■ **Aim of the exercise**:
Nothing outside the lines below from the one containing "This jacket is" through the one containing "Domenica la manifestazione" is to be printed; print those exactly, ends included, and drop the pictures.

■ **The data**:
════════════════════

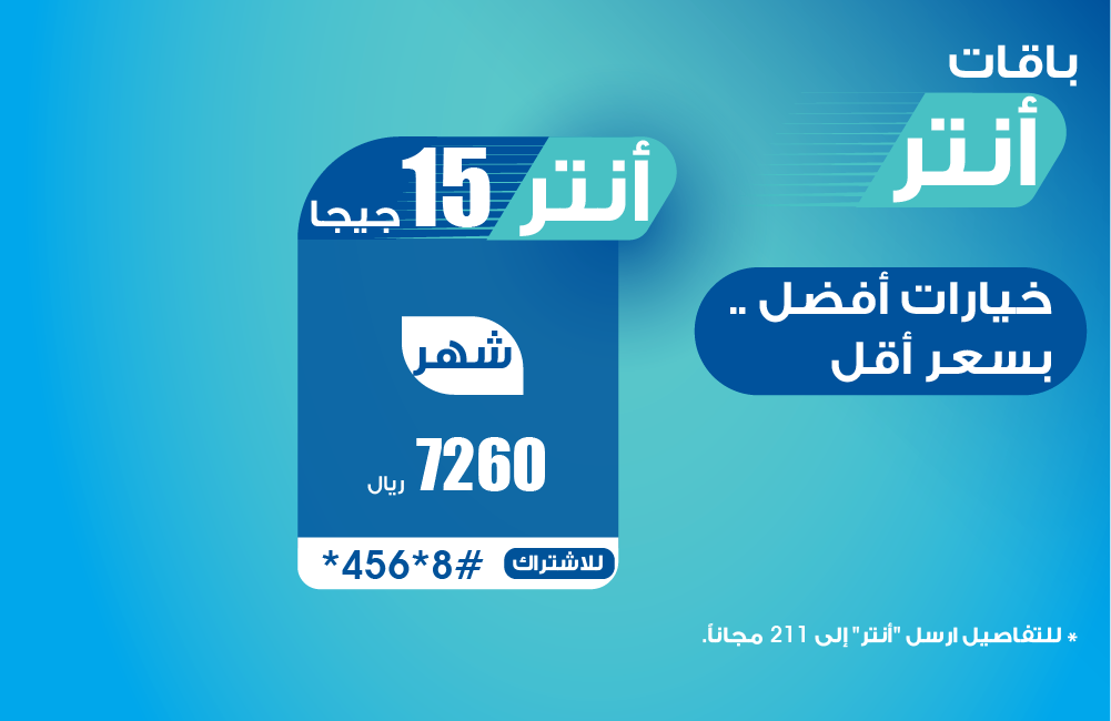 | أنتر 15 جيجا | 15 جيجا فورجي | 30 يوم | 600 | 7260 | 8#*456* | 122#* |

════════════════════

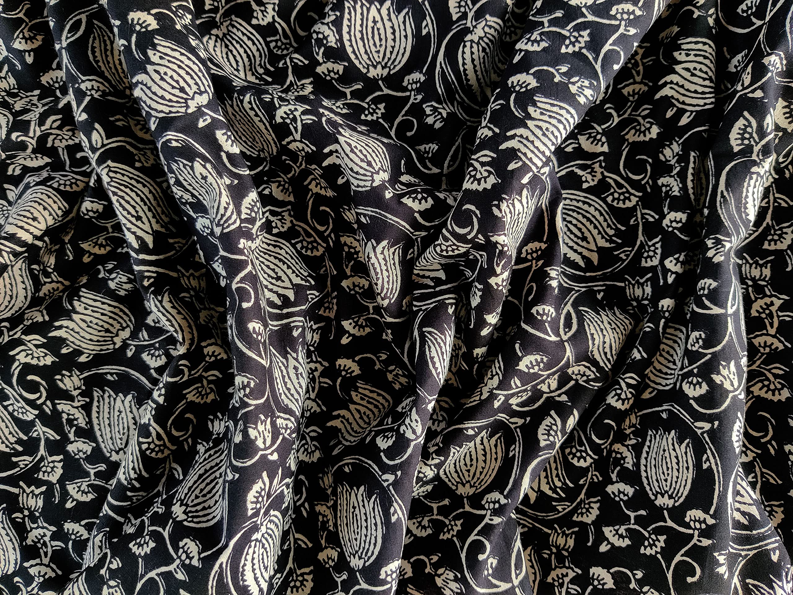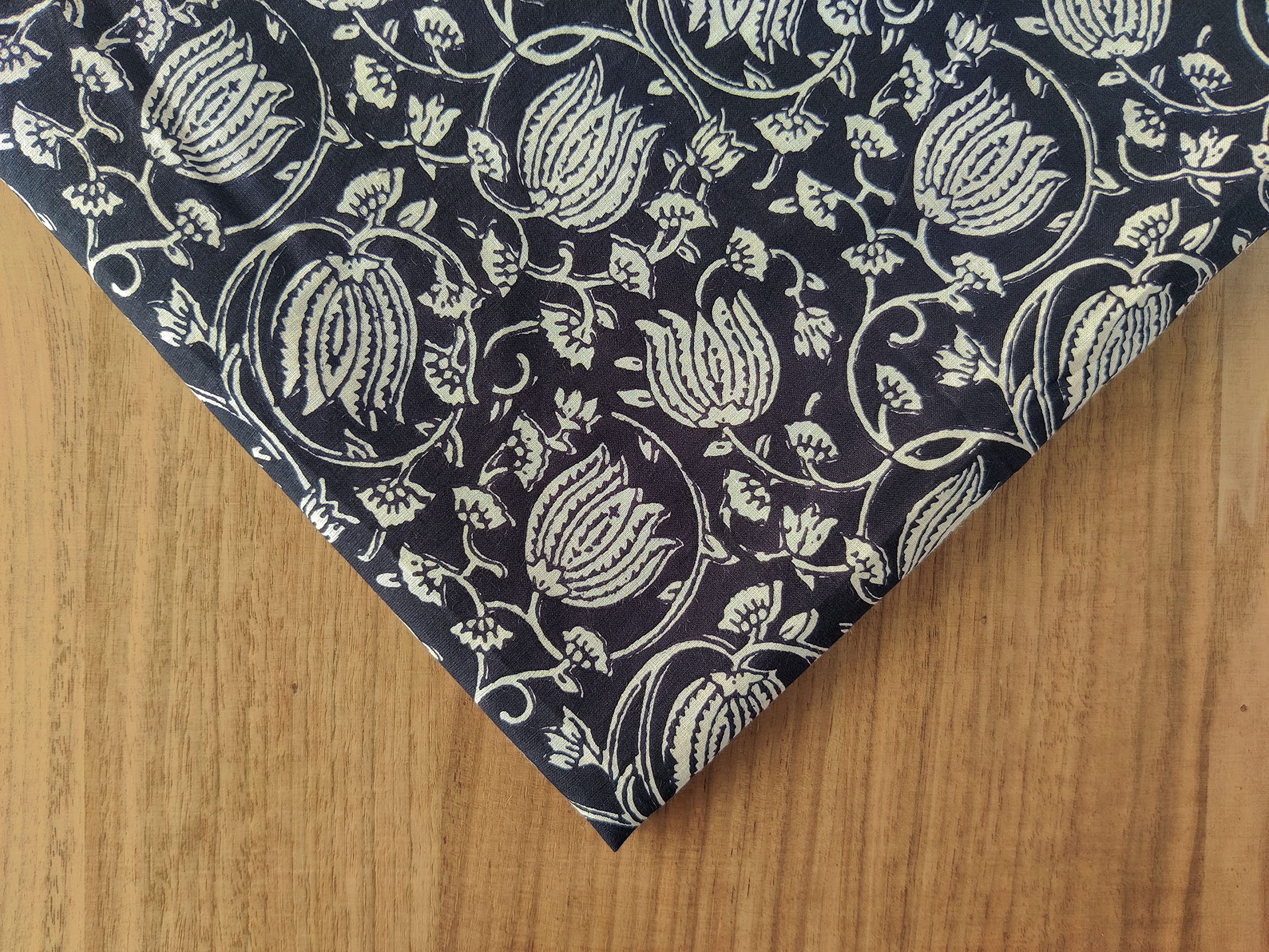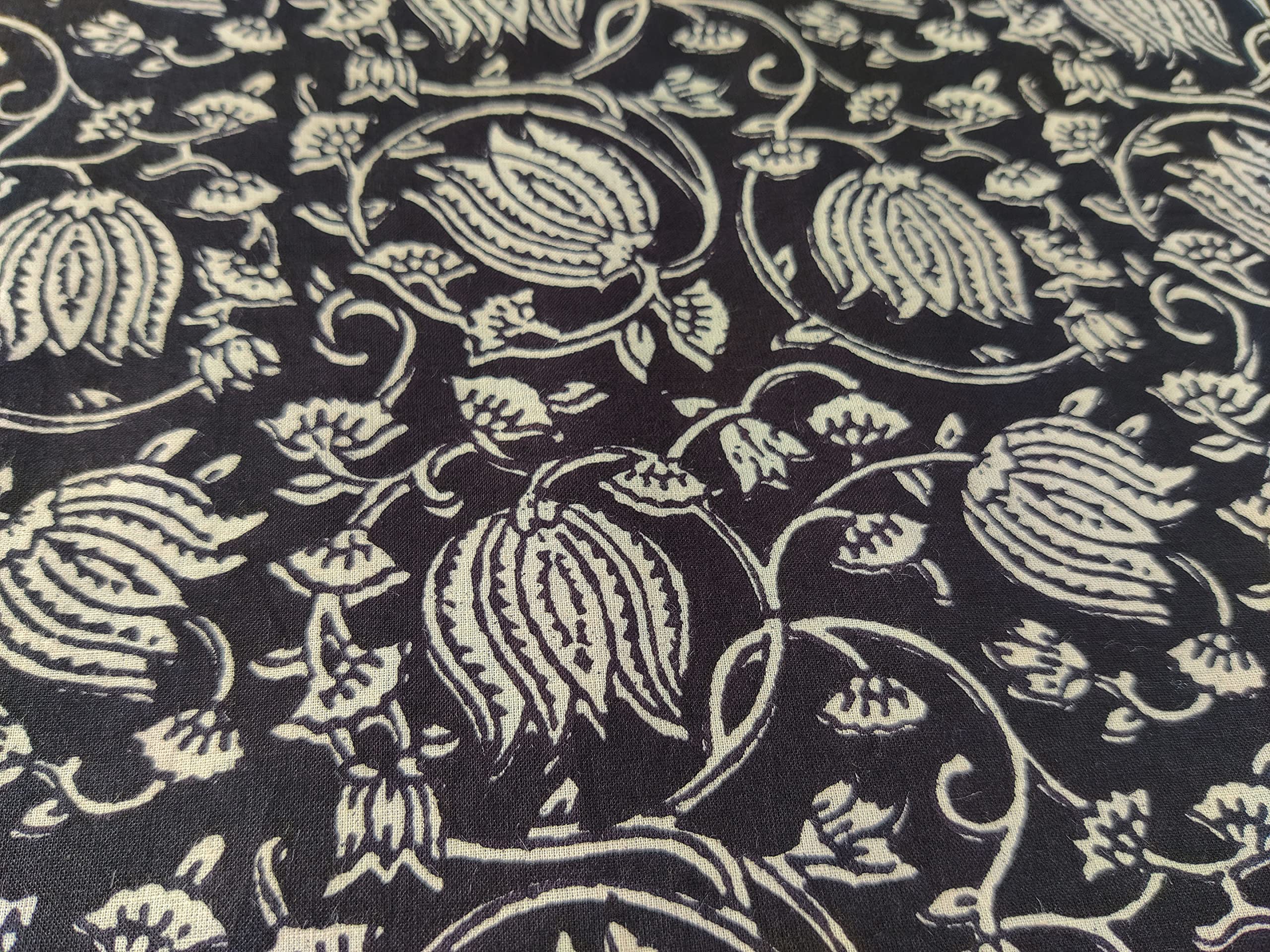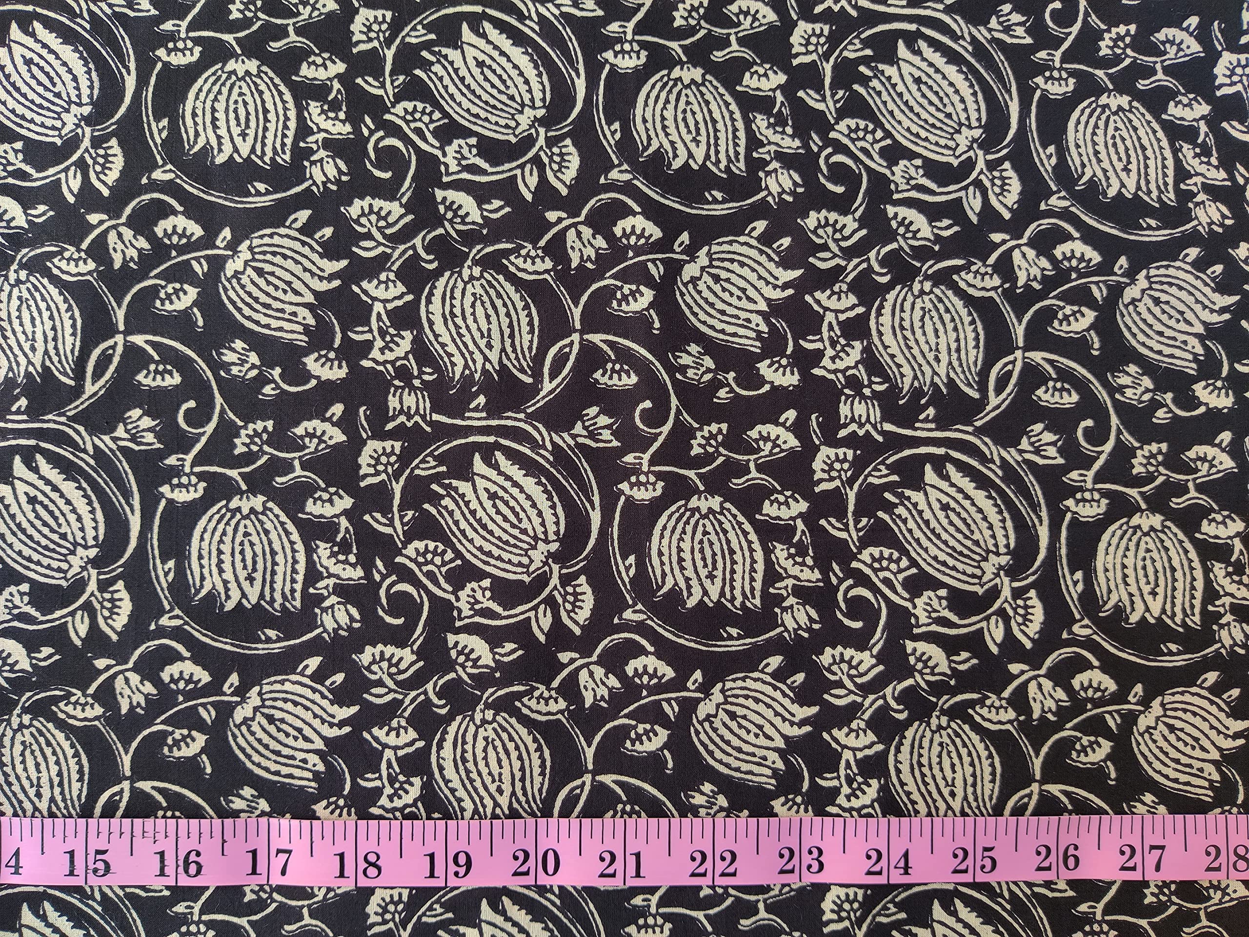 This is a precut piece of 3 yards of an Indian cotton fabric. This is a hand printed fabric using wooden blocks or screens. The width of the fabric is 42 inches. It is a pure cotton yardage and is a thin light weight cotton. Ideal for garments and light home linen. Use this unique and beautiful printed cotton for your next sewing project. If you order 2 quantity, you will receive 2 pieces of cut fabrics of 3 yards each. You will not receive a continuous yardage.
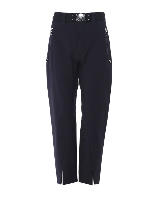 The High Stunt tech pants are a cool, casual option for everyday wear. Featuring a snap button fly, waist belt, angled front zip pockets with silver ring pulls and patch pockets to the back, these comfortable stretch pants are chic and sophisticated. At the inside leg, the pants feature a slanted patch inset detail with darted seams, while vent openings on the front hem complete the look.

════════════════════

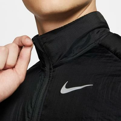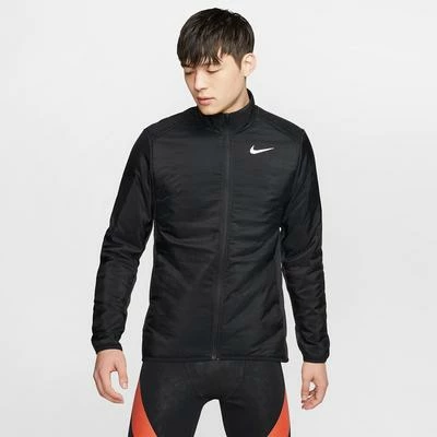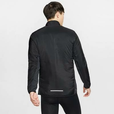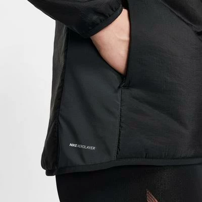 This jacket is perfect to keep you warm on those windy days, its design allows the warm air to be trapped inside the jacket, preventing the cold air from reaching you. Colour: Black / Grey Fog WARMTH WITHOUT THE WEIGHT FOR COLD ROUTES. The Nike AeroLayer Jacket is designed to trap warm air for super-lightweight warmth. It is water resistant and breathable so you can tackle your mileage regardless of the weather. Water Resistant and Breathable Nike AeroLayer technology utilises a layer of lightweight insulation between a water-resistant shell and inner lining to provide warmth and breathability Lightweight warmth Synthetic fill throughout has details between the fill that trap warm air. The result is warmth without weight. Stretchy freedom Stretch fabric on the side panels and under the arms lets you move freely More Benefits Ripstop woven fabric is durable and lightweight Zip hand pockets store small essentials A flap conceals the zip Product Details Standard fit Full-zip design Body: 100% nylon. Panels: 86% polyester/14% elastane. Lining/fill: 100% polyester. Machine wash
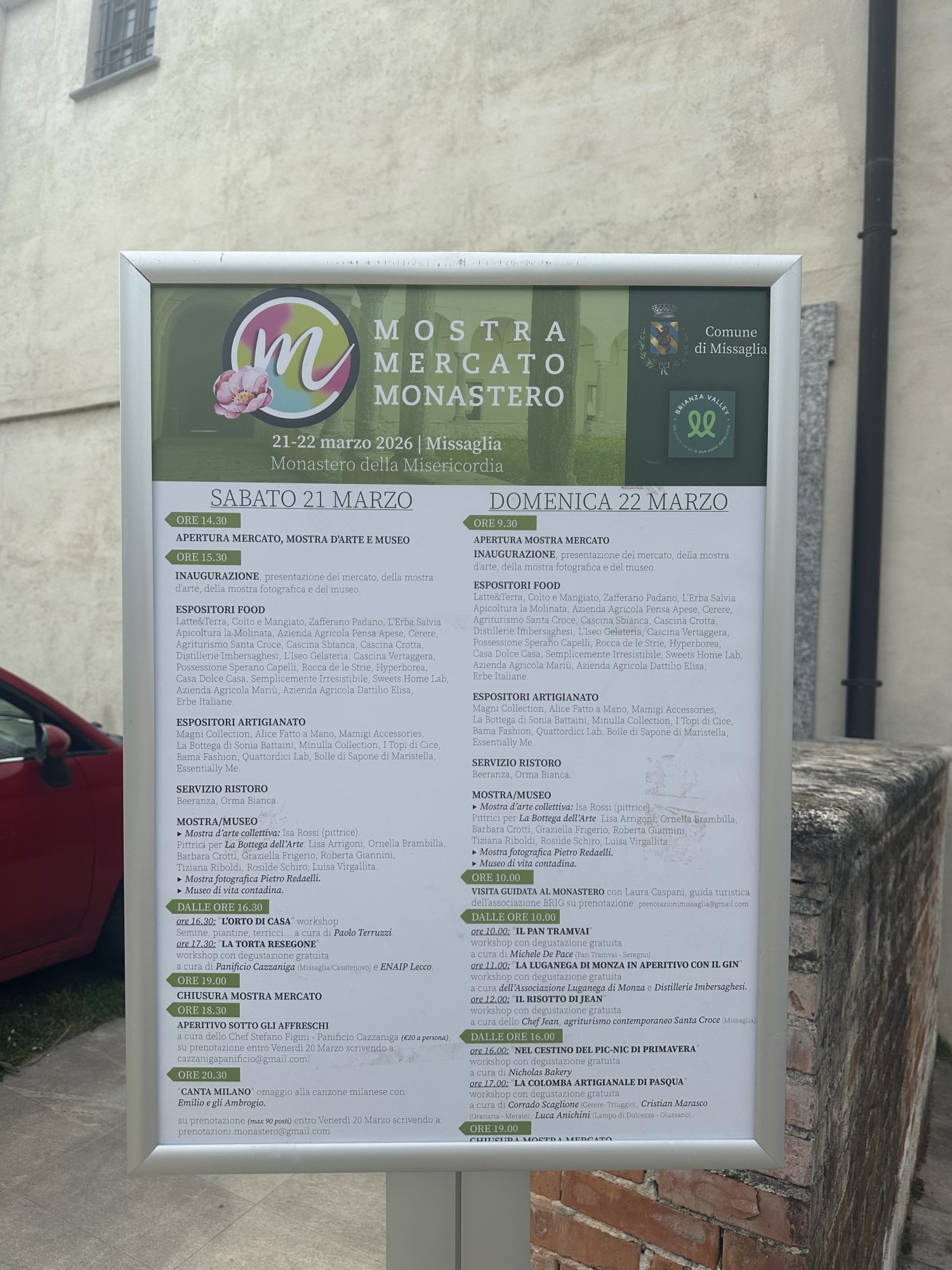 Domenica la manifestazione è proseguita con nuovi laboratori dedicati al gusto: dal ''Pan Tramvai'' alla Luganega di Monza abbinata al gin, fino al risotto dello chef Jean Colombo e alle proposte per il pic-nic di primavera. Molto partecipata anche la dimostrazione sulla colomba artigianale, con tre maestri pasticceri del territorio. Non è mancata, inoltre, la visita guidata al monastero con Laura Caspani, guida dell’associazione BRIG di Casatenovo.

════════════════════

■ **Solved problem**:
 This jacket is perfect to keep you warm on those windy days, its design allows the warm air to be trapped inside the jacket, preventing the cold air from reaching you. Colour: Black / Grey Fog WARMTH WITHOUT THE WEIGHT FOR COLD ROUTES. The Nike AeroLayer Jacket is designed to trap warm air for super-lightweight warmth. It is water resistant and breathable so you can tackle your mileage regardless of the weather. Water Resistant and Breathable Nike AeroLayer technology utilises a layer of lightweight insulation between a water-resistant shell and inner lining to provide warmth and breathability Lightweight warmth Synthetic fill throughout has details between the fill that trap warm air. The result is warmth without weight. Stretchy freedom Stretch fabric on the side panels and under the arms lets you move freely More Benefits Ripstop woven fabric is durable and lightweight Zip hand pockets store small essentials A flap conceals the zip Product Details Standard fit Full-zip design Body: 100% nylon. Panels: 86% polyester/14% elastane. Lining/fill: 100% polyester. Machine wash
 Domenica la manifestazione è proseguita con nuovi laboratori dedicati al gusto: dal ''Pan Tramvai'' alla Luganega di Monza abbinata al gin, fino al risotto dello chef Jean Colombo e alle proposte per il pic-nic di primavera. Molto partecipata anche la dimostrazione sulla colomba artigianale, con tre maestri pasticceri del territorio. Non è mancata, inoltre, la visita guidata al monastero con Laura Caspani, guida dell’associazione BRIG di Casatenovo.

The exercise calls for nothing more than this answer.